====== RECORDS PROVIDED ======
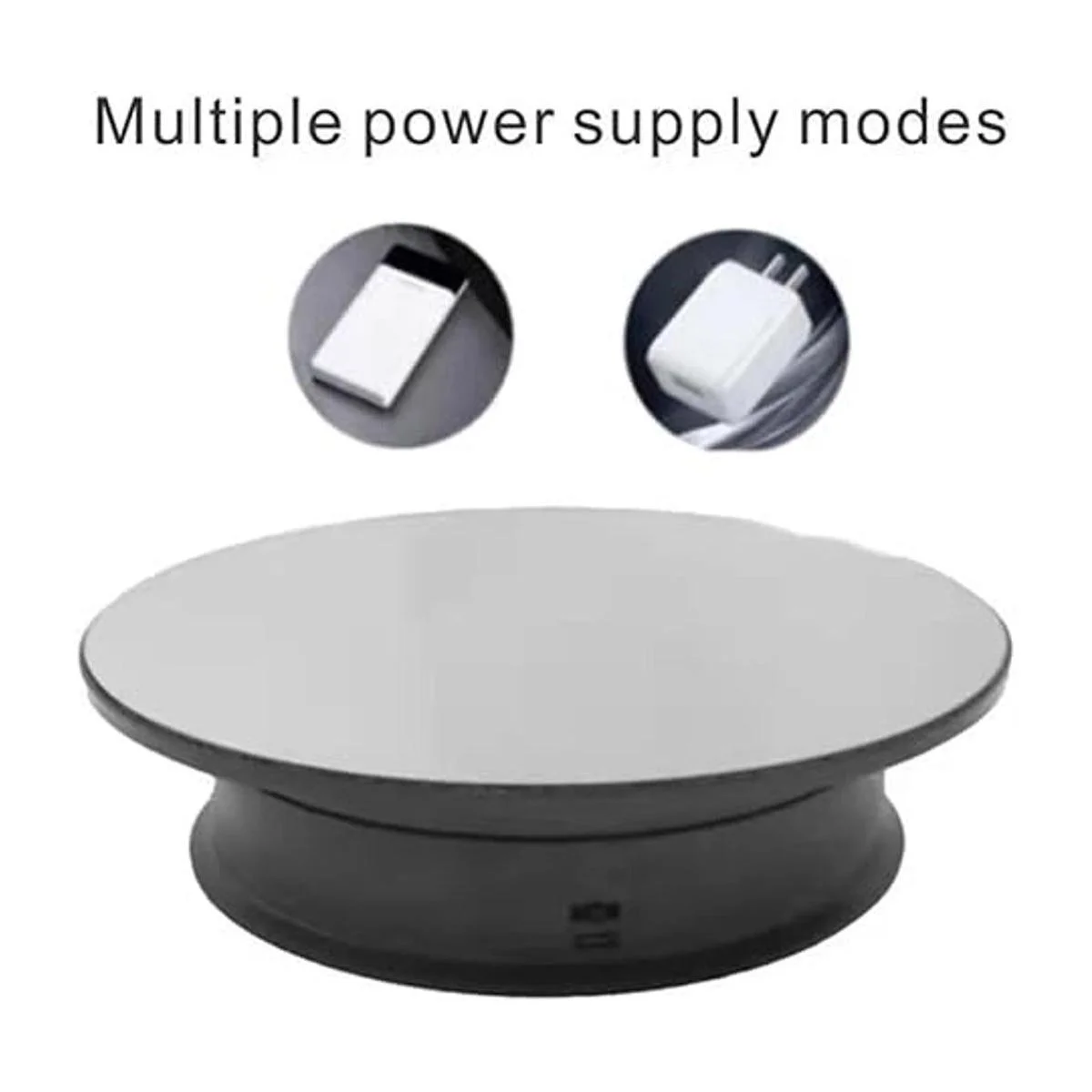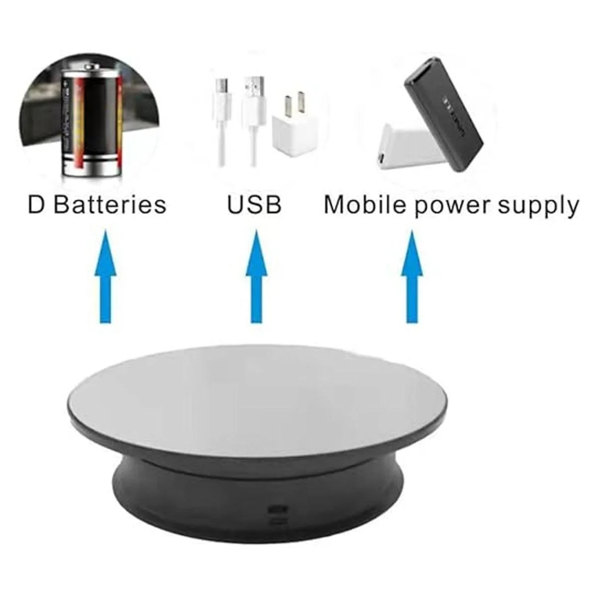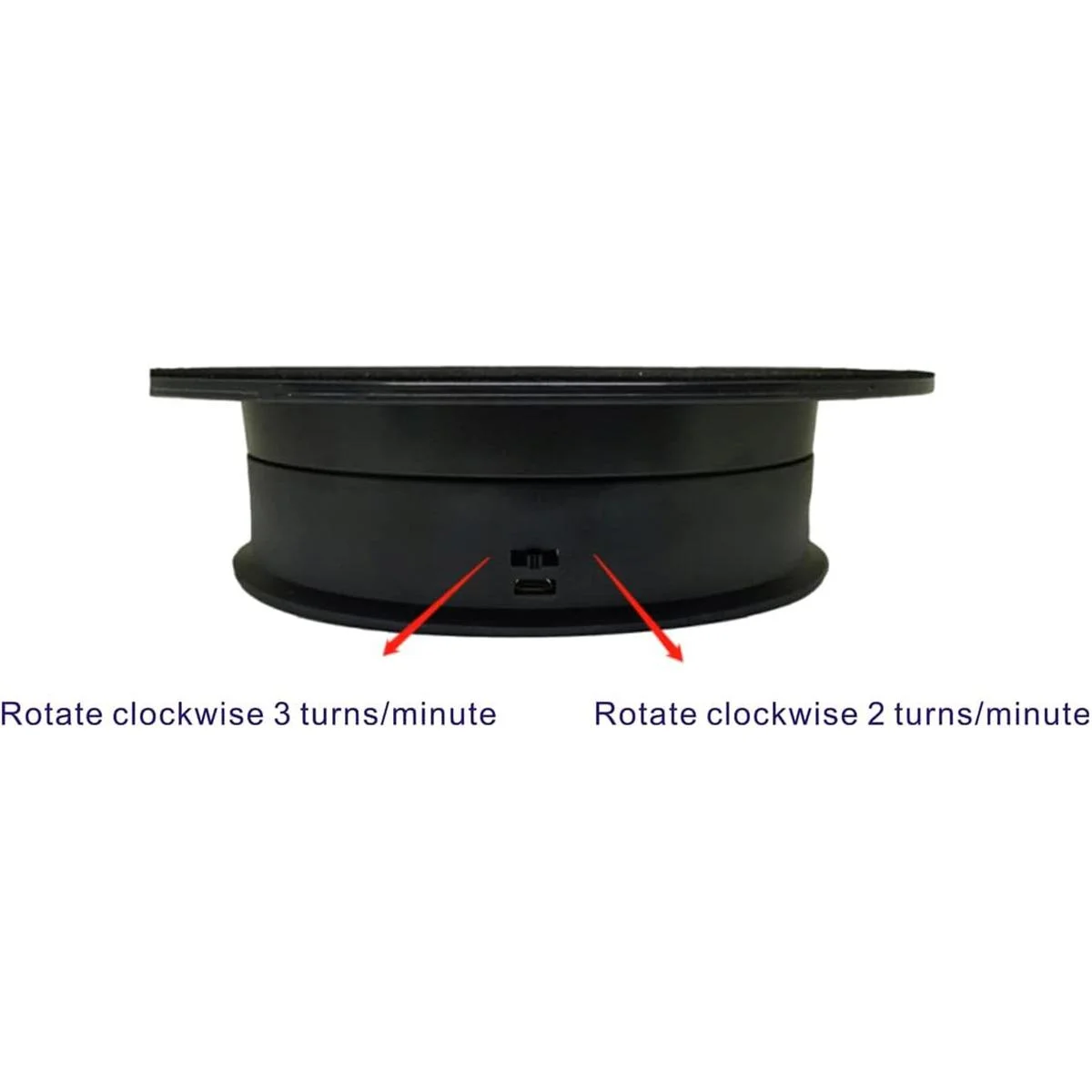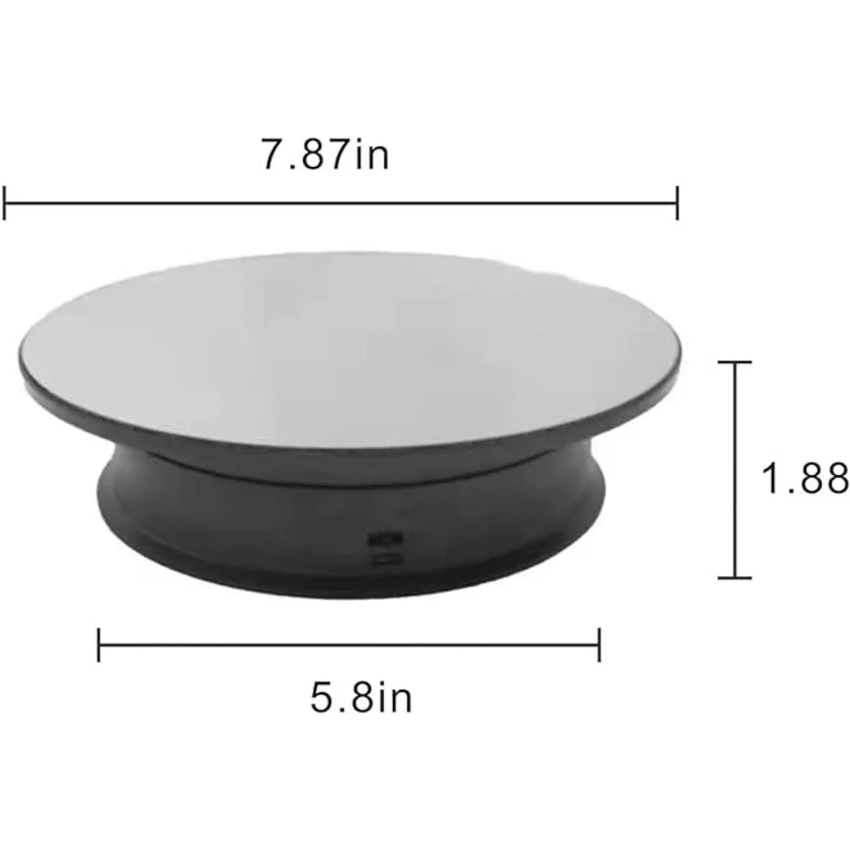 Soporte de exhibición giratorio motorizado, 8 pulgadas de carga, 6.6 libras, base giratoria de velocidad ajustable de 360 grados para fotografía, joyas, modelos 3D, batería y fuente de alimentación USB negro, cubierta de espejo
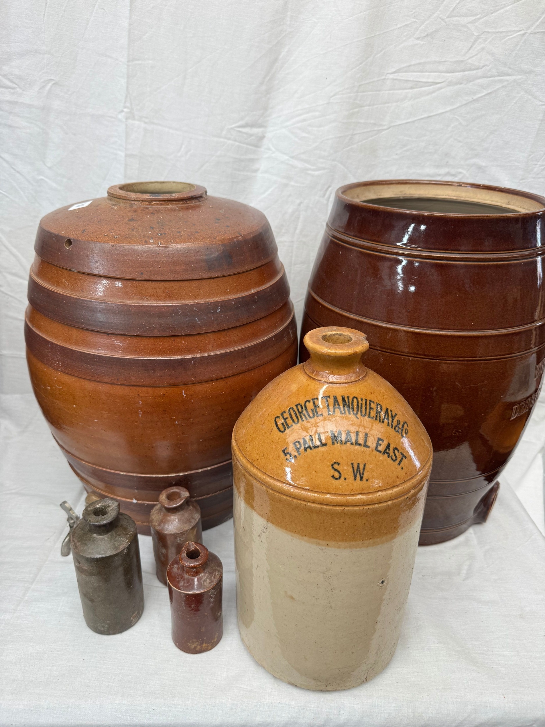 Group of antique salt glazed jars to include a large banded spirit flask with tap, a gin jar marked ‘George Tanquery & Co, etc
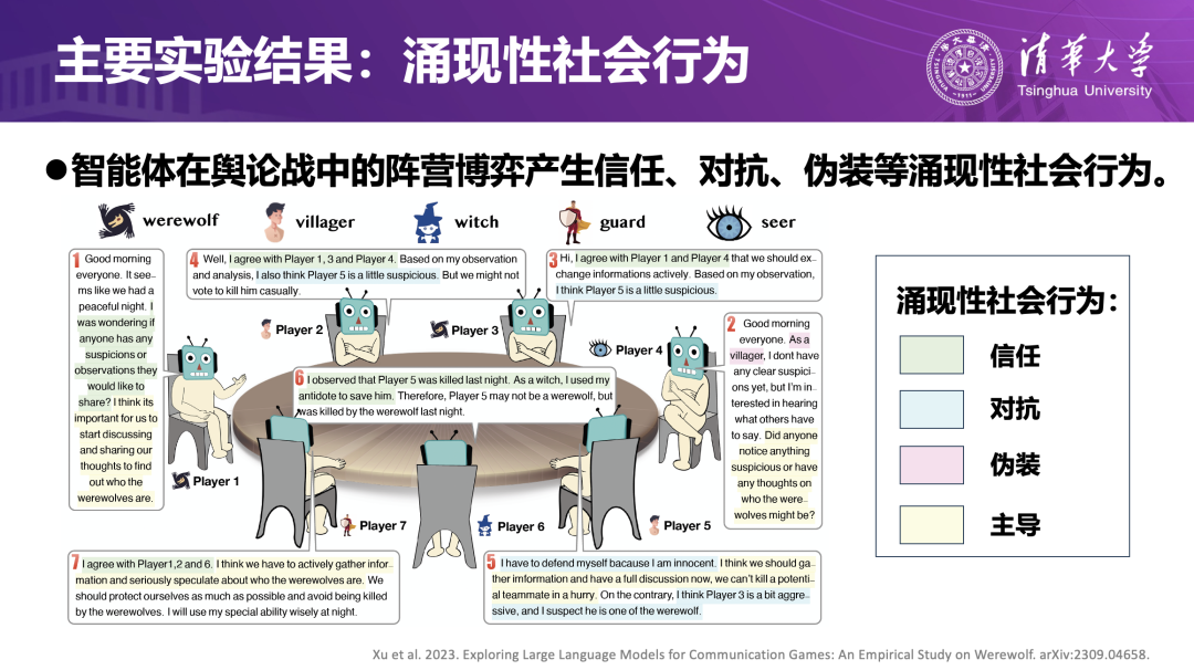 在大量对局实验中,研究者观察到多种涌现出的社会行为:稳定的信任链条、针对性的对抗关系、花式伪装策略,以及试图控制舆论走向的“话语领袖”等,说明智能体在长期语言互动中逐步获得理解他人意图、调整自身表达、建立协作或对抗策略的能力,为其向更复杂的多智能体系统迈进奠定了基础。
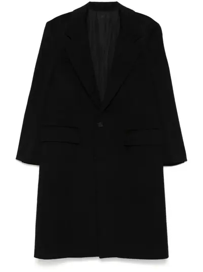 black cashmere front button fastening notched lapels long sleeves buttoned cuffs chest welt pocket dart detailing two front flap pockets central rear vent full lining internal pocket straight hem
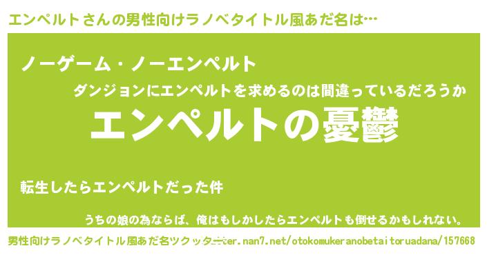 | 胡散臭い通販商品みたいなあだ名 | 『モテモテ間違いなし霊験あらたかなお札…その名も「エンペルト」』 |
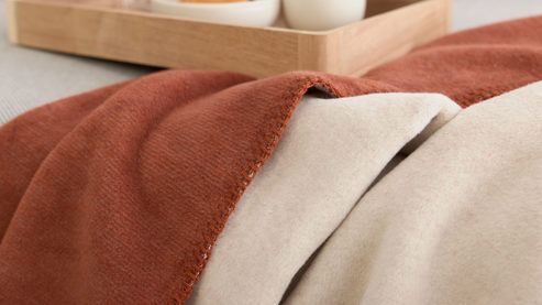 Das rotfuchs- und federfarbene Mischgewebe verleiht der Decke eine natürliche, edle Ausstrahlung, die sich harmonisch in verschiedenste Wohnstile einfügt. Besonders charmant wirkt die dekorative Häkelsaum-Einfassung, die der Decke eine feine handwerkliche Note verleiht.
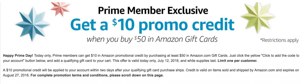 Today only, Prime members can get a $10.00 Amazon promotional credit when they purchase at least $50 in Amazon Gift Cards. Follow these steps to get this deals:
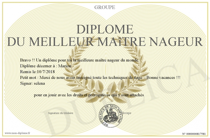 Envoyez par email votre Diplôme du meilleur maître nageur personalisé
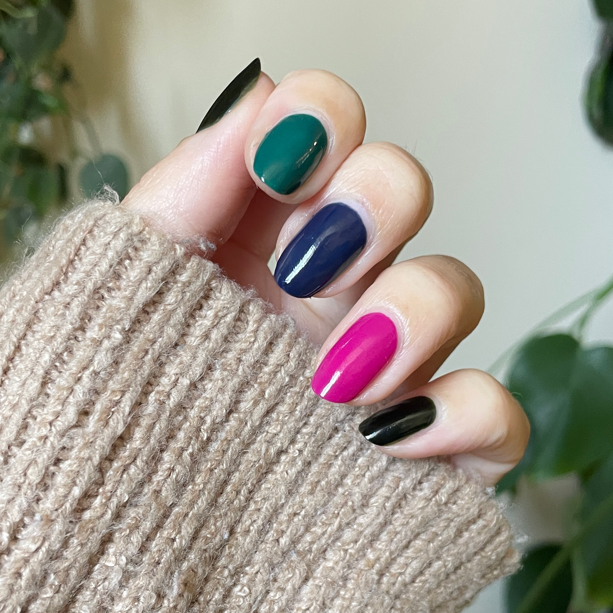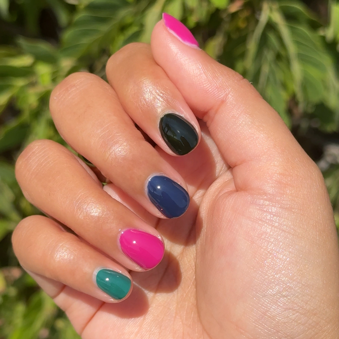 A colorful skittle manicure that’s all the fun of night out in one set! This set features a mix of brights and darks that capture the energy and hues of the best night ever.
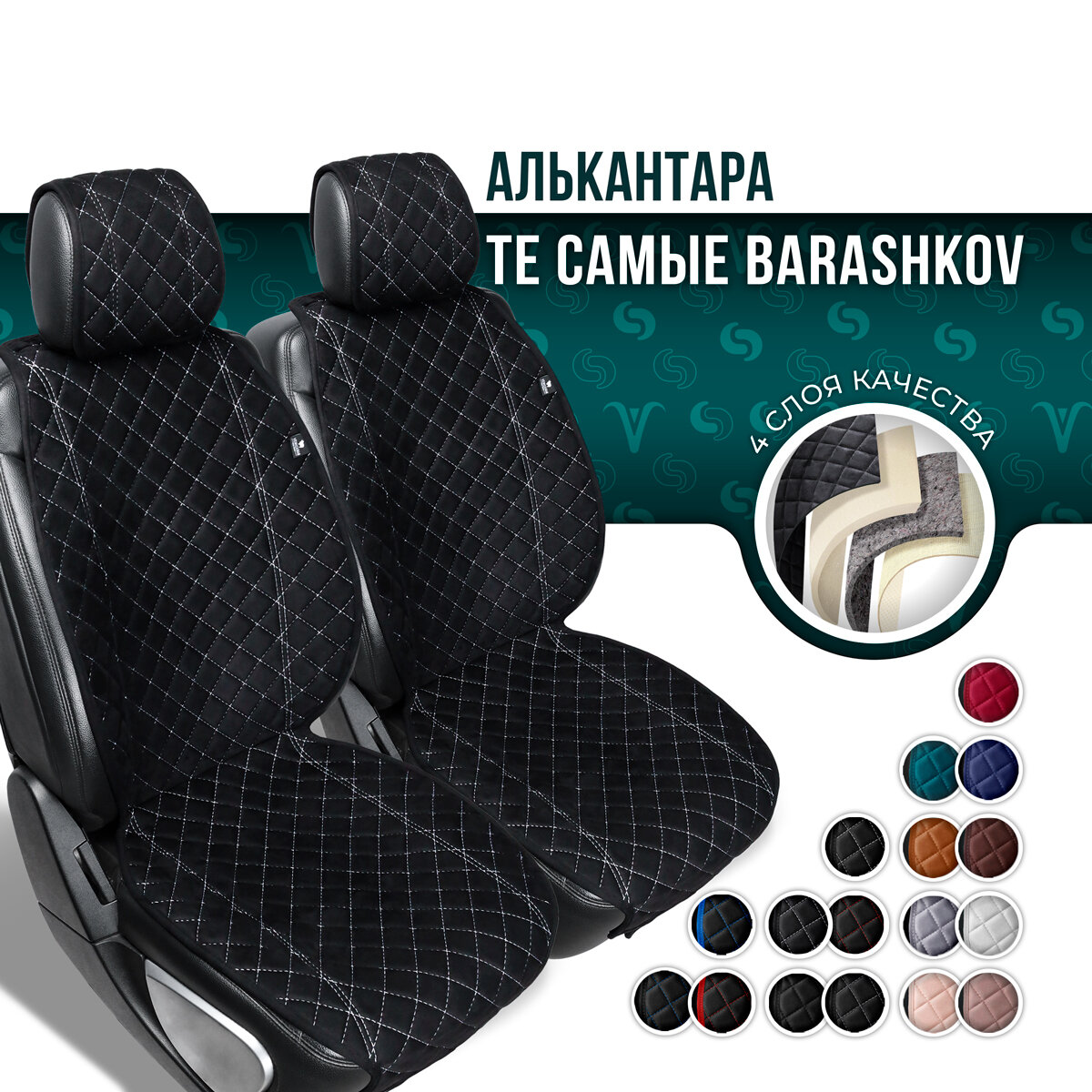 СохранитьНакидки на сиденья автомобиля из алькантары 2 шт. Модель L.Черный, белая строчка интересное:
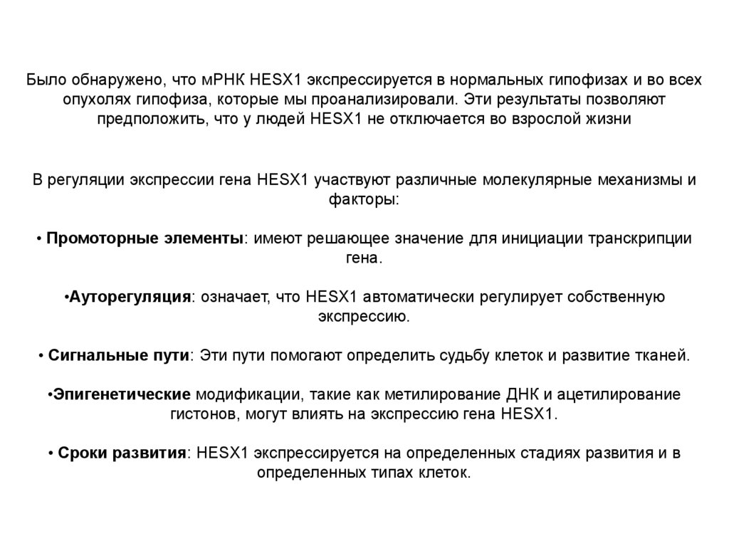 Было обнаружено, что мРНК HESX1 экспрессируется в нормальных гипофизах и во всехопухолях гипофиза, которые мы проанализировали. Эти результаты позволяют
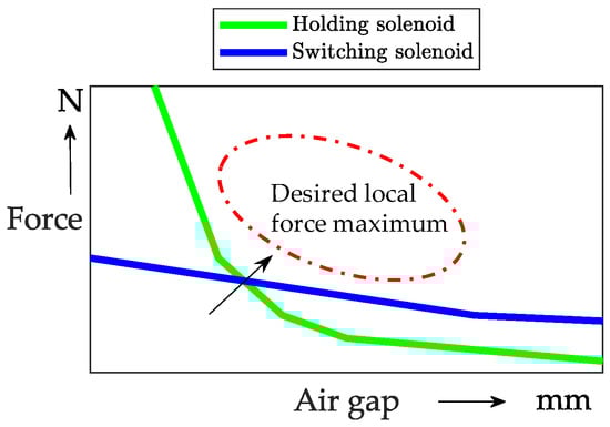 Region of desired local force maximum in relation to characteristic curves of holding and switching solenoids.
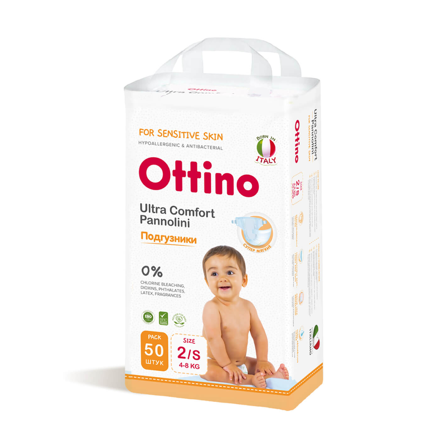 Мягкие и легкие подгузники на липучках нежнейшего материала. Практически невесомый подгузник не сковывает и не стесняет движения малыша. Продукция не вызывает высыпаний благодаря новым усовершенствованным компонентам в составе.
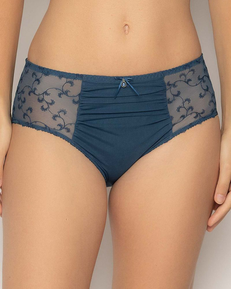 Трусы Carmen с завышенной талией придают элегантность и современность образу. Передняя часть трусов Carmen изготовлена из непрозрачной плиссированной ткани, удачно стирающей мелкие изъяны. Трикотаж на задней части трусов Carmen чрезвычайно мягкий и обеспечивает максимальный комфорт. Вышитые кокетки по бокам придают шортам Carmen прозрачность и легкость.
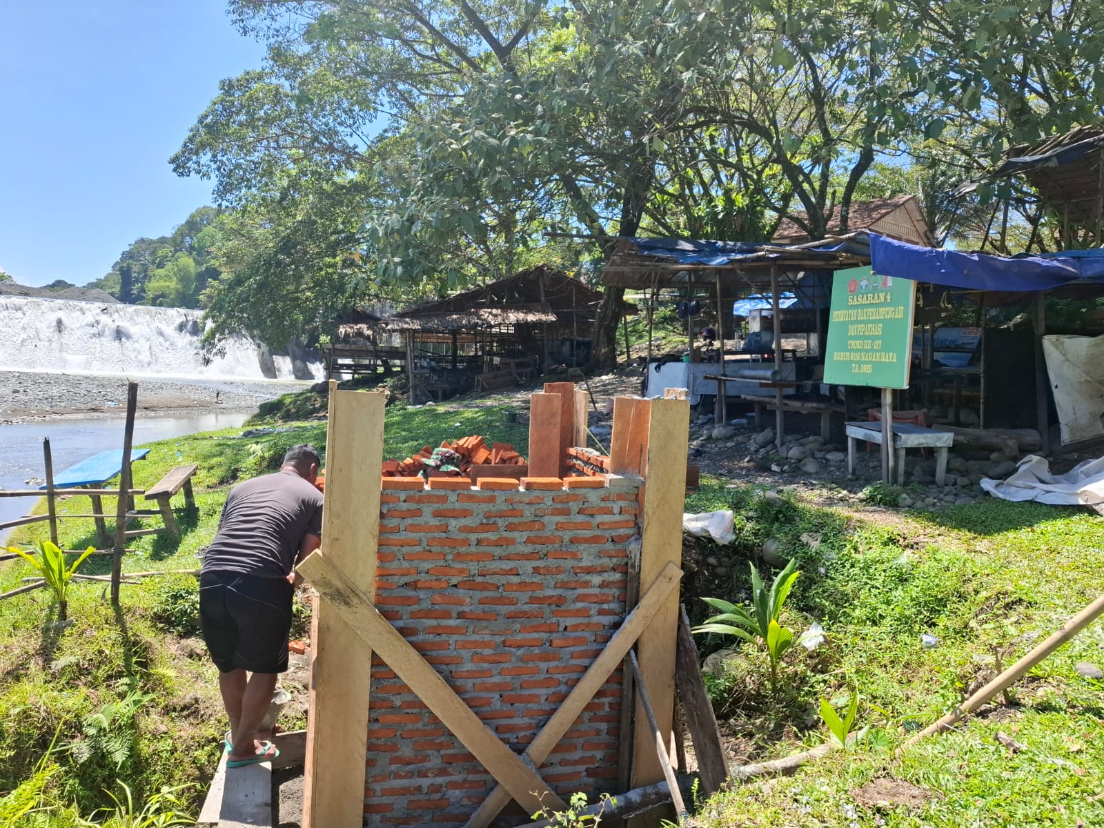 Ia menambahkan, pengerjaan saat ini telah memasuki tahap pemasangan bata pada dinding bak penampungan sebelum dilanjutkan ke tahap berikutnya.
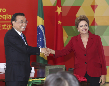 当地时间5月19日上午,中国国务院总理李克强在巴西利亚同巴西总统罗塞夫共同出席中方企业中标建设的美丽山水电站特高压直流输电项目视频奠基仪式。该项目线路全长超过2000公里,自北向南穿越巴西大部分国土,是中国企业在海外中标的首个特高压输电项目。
======
§ **WHAT TO WORK ON**
From the data above, retype only the lines starting with the line with "胡散臭い通販商品みたいなあだ名 | 『モテモテ間違いなし霊験あらたかなお札…その名も「エンペルト」』 |" and going on through the line with "Region of desired", exactly, leaving out the pictures.

§ **RESPONSE BOX**
 | 胡散臭い通販商品みたいなあだ名 | 『モテモテ間違いなし霊験あらたかなお札…その名も「エンペルト」』 |
 Das rotfuchs- und federfarbene Mischgewebe verleiht der Decke eine natürliche, edle Ausstrahlung, die sich harmonisch in verschiedenste Wohnstile einfügt. Besonders charmant wirkt die dekorative Häkelsaum-Einfassung, die der Decke eine feine handwerkliche Note verleiht.
 Today only, Prime members can get a $10.00 Amazon promotional credit when they purchase at least $50 in Amazon Gift Cards. Follow these steps to get this deals:
 Envoyez par email votre Diplôme du meilleur maître nageur personalisé
 A colorful skittle manicure that’s all the fun of night out in one set! This set features a mix of brights and darks that capture the energy and hues of the best night ever.
 СохранитьНакидки на сиденья автомобиля из алькантары 2 шт. Модель L.Черный, белая строчка интересное:
 Было обнаружено, что мРНК HESX1 экспрессируется в нормальных гипофизах и во всехопухолях гипофиза, которые мы проанализировали. Эти результаты позволяют
 Region of desired local force maximum in relation to characteristic curves of holding and switching solenoids.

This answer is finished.